*** Dataset excerpts Section Begins ***

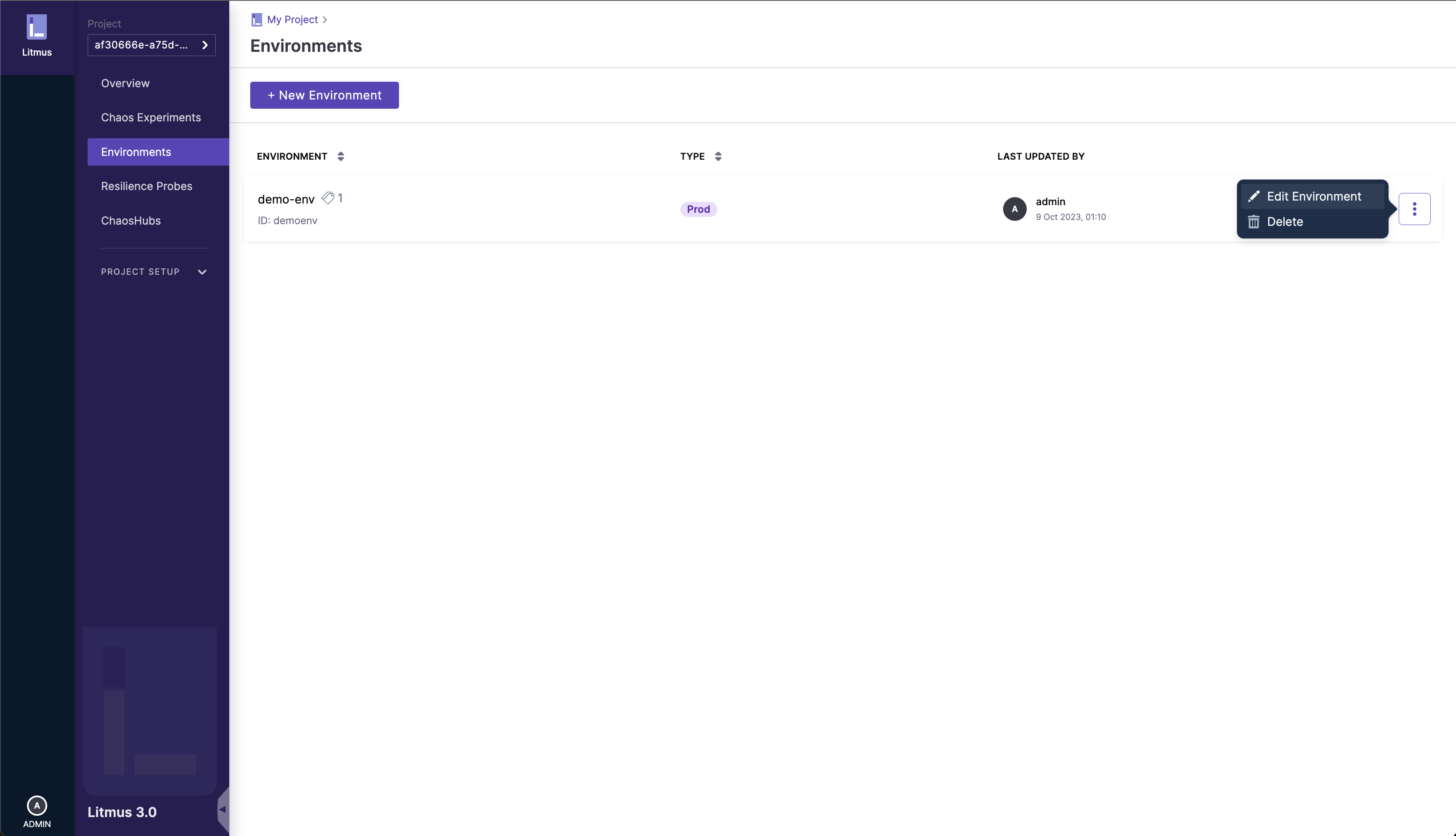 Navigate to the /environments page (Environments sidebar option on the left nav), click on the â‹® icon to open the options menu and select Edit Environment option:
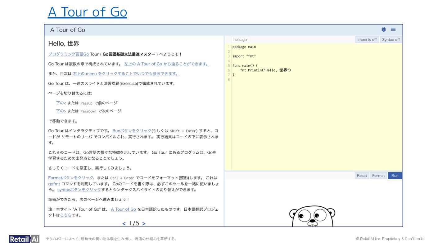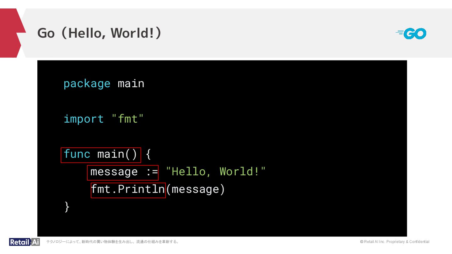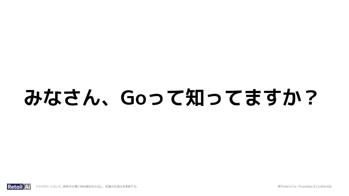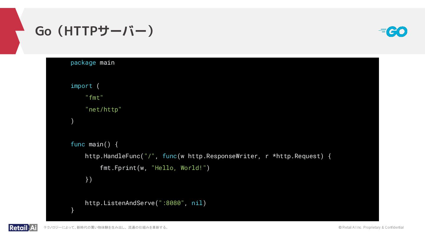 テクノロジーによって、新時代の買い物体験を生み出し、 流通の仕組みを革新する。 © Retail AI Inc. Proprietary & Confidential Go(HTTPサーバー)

*** Dataset excerpts Section Ends ***
*** Dataset excerpts Section Begins ***

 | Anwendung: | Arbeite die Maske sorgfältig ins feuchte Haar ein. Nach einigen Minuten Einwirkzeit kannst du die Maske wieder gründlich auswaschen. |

*** Dataset excerpts Section Ends ***

▸ Exercise goal: Only the lines between the one with "Navigate to the" and the one with "テクノロジーによって、新時代の買い物体験を生み出し、 流通の仕組みを革新する。 ©", those two included, get copied from the material above. Keep it exact and free of pictures.

▸ Finished exercise:
 Navigate to the /environments page (Environments sidebar option on the left nav), click on the â‹® icon to open the options menu and select Edit Environment option:
 テクノロジーによって、新時代の買い物体験を生み出し、 流通の仕組みを革新する。 © Retail AI Inc. Proprietary & Confidential Go(HTTPサーバー)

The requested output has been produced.